Science, religion and a dying baby

What drove Jan and Deborah Moorhead to refuse life-saving treatment for their baby son? HERALD REPORTERS investigate.

When Starship children's hospital paediatrician Dr Patrick Kelly saw Caleb Moorhead for the first time, he knew he didn't have long.

The 6-month-old baby was strikingly pale and neurologically abnormal, with developmental levels of a 6-week-old.

He was severely anaemic and had severe shrinkage of the brain.

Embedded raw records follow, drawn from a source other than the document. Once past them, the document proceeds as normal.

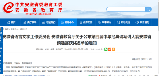 9月9日,安徽省语言文字工作委员会、安徽省教育厅公布了第四届中华经典诵写讲大赛安徽省预选赛获奖名单,AC米兰官网三幅作品分获三等奖一个和优秀奖两个。其中,信息工程与传媒学院江寅昌老师指导的学生张凝霞的作品《书幽芳亭记》(硬笔)获“书写大赛”三等奖,经贸旅游学院孙紫娟老师指导的学生张卓悦和秦天的作品《少年中国说》、基础教育学院翟广艳老师指导的学生陈欣欣的作品《可爱的中国》获“诵读大赛”优秀奖。
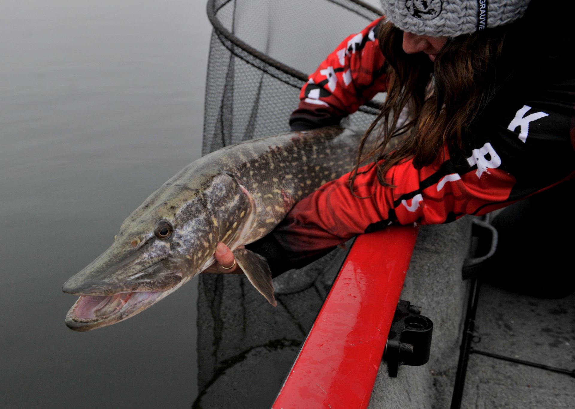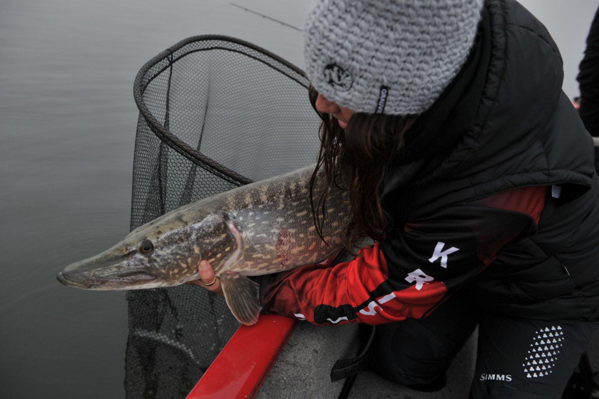 Eirik med en utrolig flott gjedde på vakre 9445gram og 110cm. Da ble det en ny runde med kyss,klapp og klem. Og slik hige five.
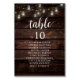 Cartão de Mesa de Assento de Convidado do Janto de Casamento, Script Russo Moderno, Semáforos de Cordas com Mason Jar, Fundo da Madeira Escura Personalize o texto e/ou remova e preencha com o tema de sua festa de casamento.
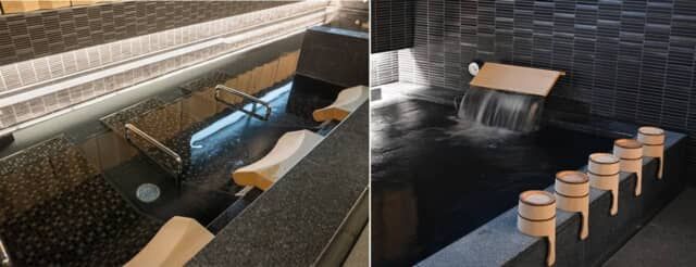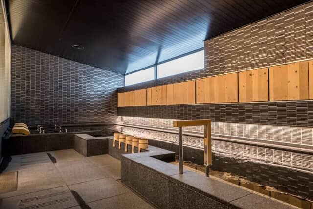 大浴場は男女とも似た造りになっていて、落ち着いた色調のタイルがはめ込まれ、切妻天井を採用するなど、日本家屋の要素も採り入れます。壁を飾る木材は、関西で風呂桶などに重用される高級木材の高野槙(こうやまき)で、関東では珍しい素材です。
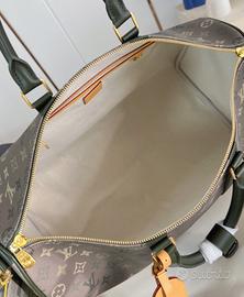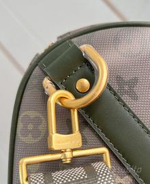 [Real Shot esclusivo M26959] Questa borsa da viaggio Keepall Bandoulière 50 è realizzata in tela Monogram Surplus con effetto camouflage, che mette in mostra l'interpretazione creativa di Pharrell Williams della classica tela Monogram del brand. Le finiture in metallo anticato e gli elementi in pelle evocano una rilassante fuga in campagna, mentre la tracolla in tessuto con logo, staccabile e regolabile, offre molteplici opzioni di trasporto. 29 x 23 x 50 cm (A x P x Lunghezza)
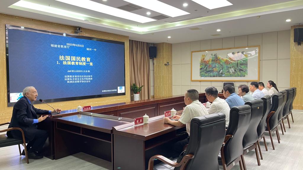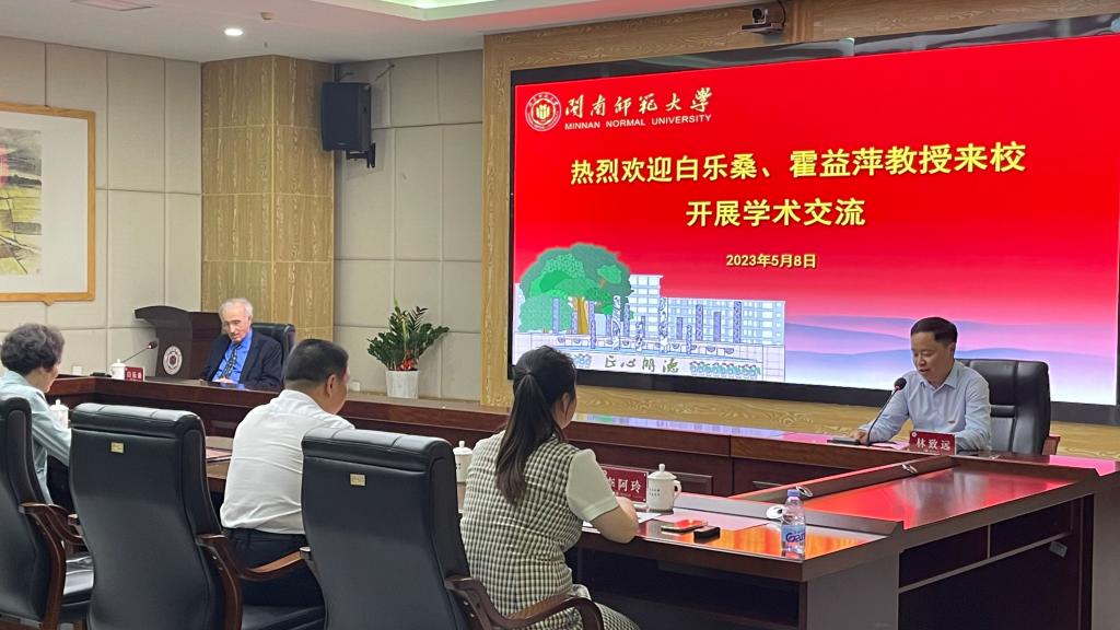 為加快建設(shè)福建高質(zhì)量教育體系,積極發(fā)揮福建教育督導(dǎo)智庫功能,5月8日,閩南師范大學(xué)教育督導(dǎo)研究院舉辦中法教育督導(dǎo)互學(xué)互鑒學(xué)術(shù)交流活動。法國榮譽國民教育漢語總督學(xué)、法國國家東方語言文化學(xué)院博士生導(dǎo)師白樂桑應(yīng)邀來我校開展學(xué)術(shù)交流、調(diào)研考察。華東師范大學(xué)二級教授、博導(dǎo)霍益萍,國家督學(xué)、福建省教育廳原副廳長、一級巡視員、我校教育督導(dǎo)研究院學(xué)術(shù)委員會主任李迅,國家特約教育督導(dǎo)員、福建省教育廳專職副總督學(xué)黃建順參加了交流活動。國家特約教育督導(dǎo)員、校黨委書記、教育督導(dǎo)研究院院長吳彬鏹,校黨委副書記、校長李順興與白樂桑教授一行進(jìn)行了親切交流。
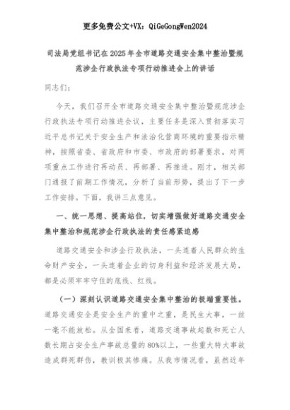 【七哥公文】2025年:【七哥公文】司法局党组书记在2025年全市道路交通安全集中整治暨规范涉企行政执法专项行动推进会上的讲话+更多免费公文+VX:QiGeGongWen2024+更多免费公文+VX:QiGeGongWen2024
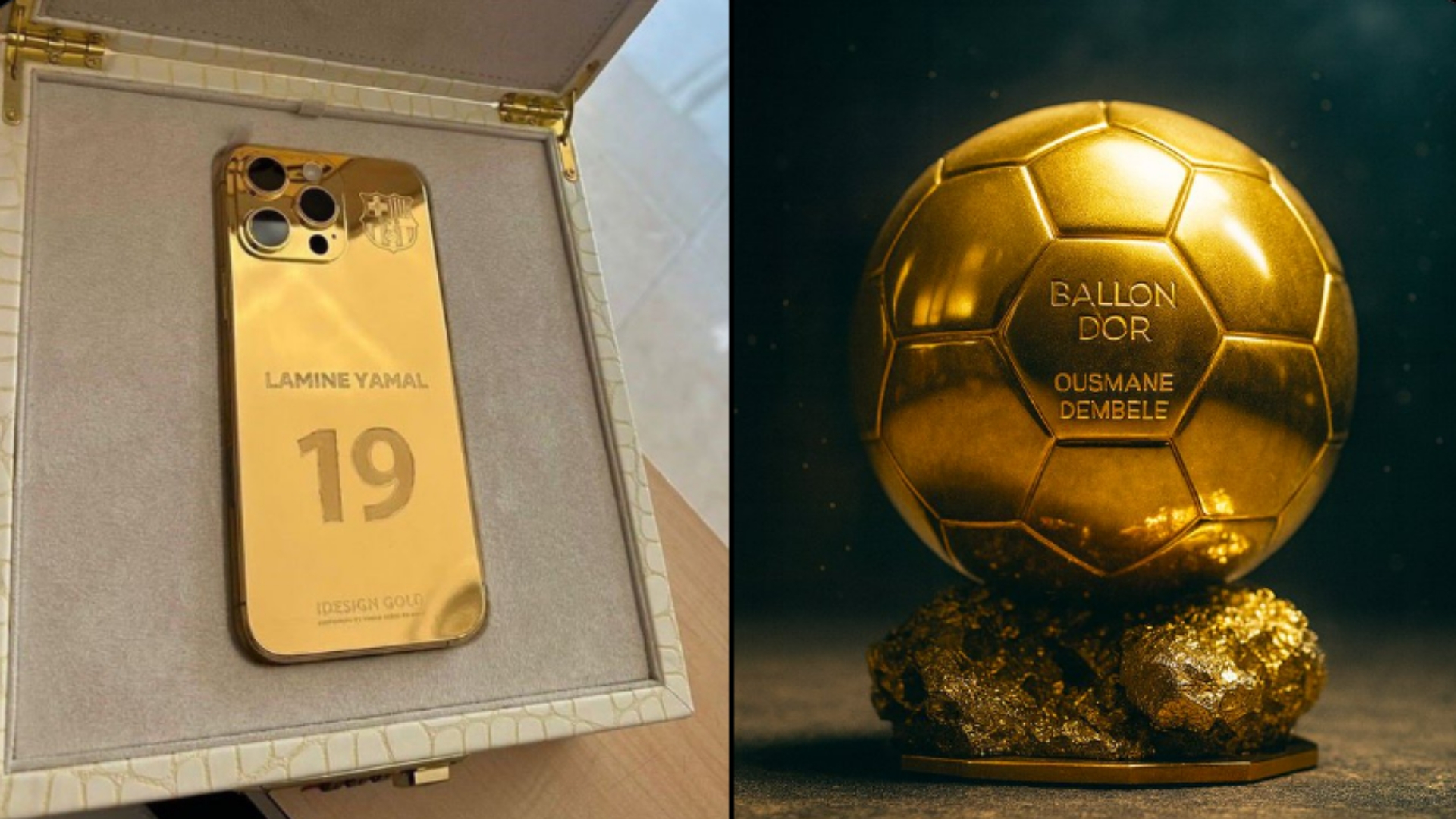 Comparando el logro de Dembélé - Balón de Oro - con el éxito de Lamine Yamal - un iPhone dorado con el escudo del FC Barcelona, su nombre y dorsal 19 -.
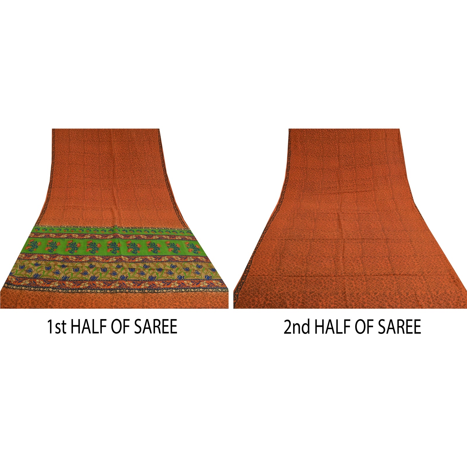 Sanskriti Vintage Sarees Orange Indian Pure Crepe Silk Sari Floral Craft Sustainable Fabric
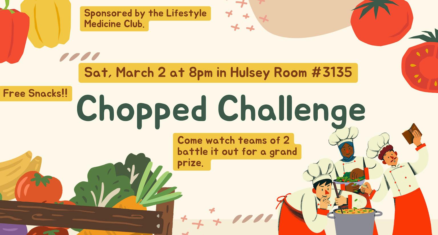 On Saturday, March 2, at 8 p.m, the Lifestyle Medicine Club will host a “Chopped Challenge” in Hulsey Room 3135. This challenge will be based on the popular Food Network TV game show “Chopped,” where four chefs face off against each other by making a meal out of mystery items in their basket for the chance to win a cash prize.
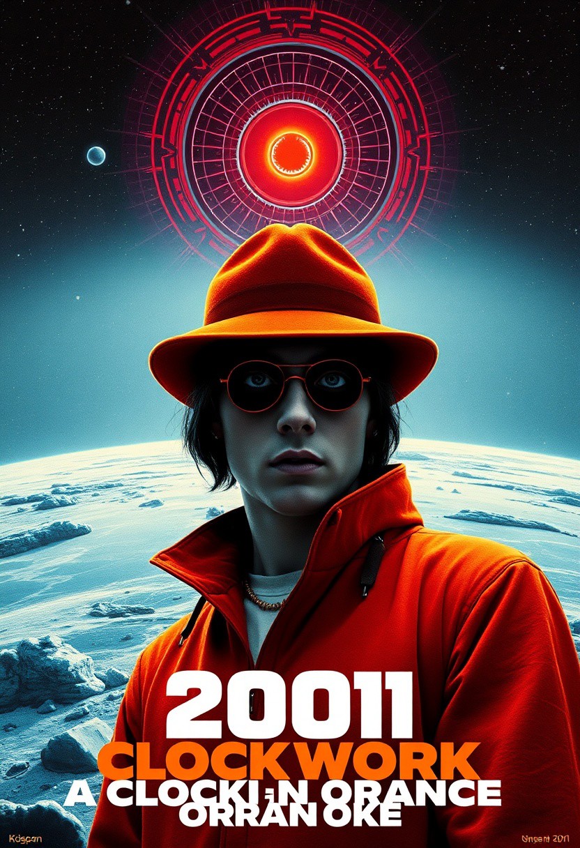“Design a movie poster that merges the dystopian, rebellious aesthetic of A Clockwork Orange with the futuristic, cosmic grandeur of 2001: A Space Odyssey. The poster should feature bold, contrasting imagery: Alex, the main character of A Clockwork Orange, wearing his signature bowler hat and eye makeup, standing against a backdrop of a cold, infinite space, with the HAL 9000 red eye glowing ominously in the distance. Incorporate elements of futuristic technology and Kubrick’s geometric, minimalist style from 2001, with an unsettling, surreal atmosphere that matches the themes of psychological control from A Clockwork Orange. Use a mix of warm oranges and deep blacks from Clockwork Orange and the clean whites and blues from 2001. Title placement should be bold and cinematic, fusing the typography styles of both films.”
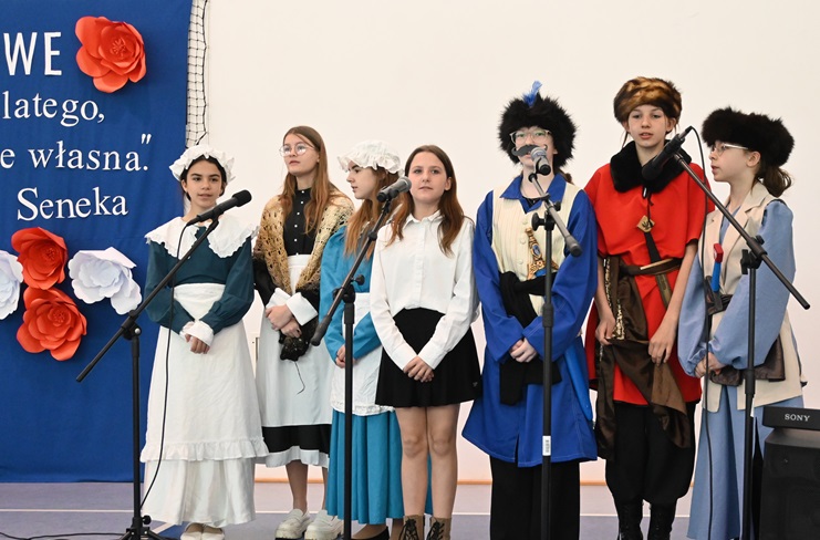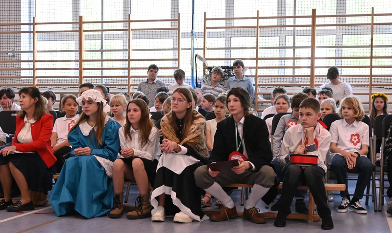 Wszyscy w apelowych strojach i biało-czerwonych akcentach z uwagą i zaciekawieniem uczestniczyliśmy w tym wyjątkowym dniu.
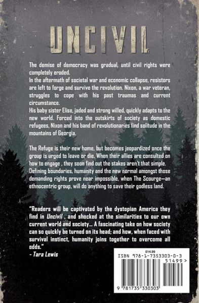 The demise of democracy was gradual, until civil rights were completely eroded. In the aftermath of societal war and economic collapse, resistors are left to forge and survive the revolution. Nixon, a war veteran, struggles to cope with his past traumas and current circumstance. His baby sister Elise, jaded and strong willed, quickly adapts to the new world. Forced into the outskirts of society as domestic refugees, Nixon and his band of revolutionaries find solitude in the mountains of Georgia. The Refuge is their new home, but becomes jeopardized once the group is urged to leave or die. When their allies are consulted on how to engage , they soon find out the stakes aren't that simple. Defining boundaries, humanity and the new normal amongst those demanding rights prove near impossible, when The Scourge-an ethnocentric group, will do anything to save their godless land.

Kelly, who specialises in dealing with child abuse cases, was so worried about Caleb's condition and the lack of understanding shown by his parents, Jan and Deborah Moorhead, that he contacted Child, Youth and Family Services (Cyfs) the next day to arrange a court order to remove Caleb from them if it became necessary.

Kelly explained the situation, including the court order, to the Moorheads, who asked for time to think about it.

Then they picked up Caleb and fled.

Charge nurse manager Julie Thompson saw them going and followed them outside. She asked if they realised their baby could die if they took him home. Deborah told her everything would be alright.

That night social workers went to the family's house in Dargaville but the Moorheads never came home.

Five days later, Kelly got a phone call from Catherine Curtis-Rangihau, a friend of the family and a social worker for Cyfs in Whangarei. She had persuaded the family to return to the Starship.

At the meeting, Kelly - who believed that Caleb's brain damage was irreversible - told the Moorheads their son would need an MRI (magnetic resonance imaging) scan, probably under a general anaesthetic.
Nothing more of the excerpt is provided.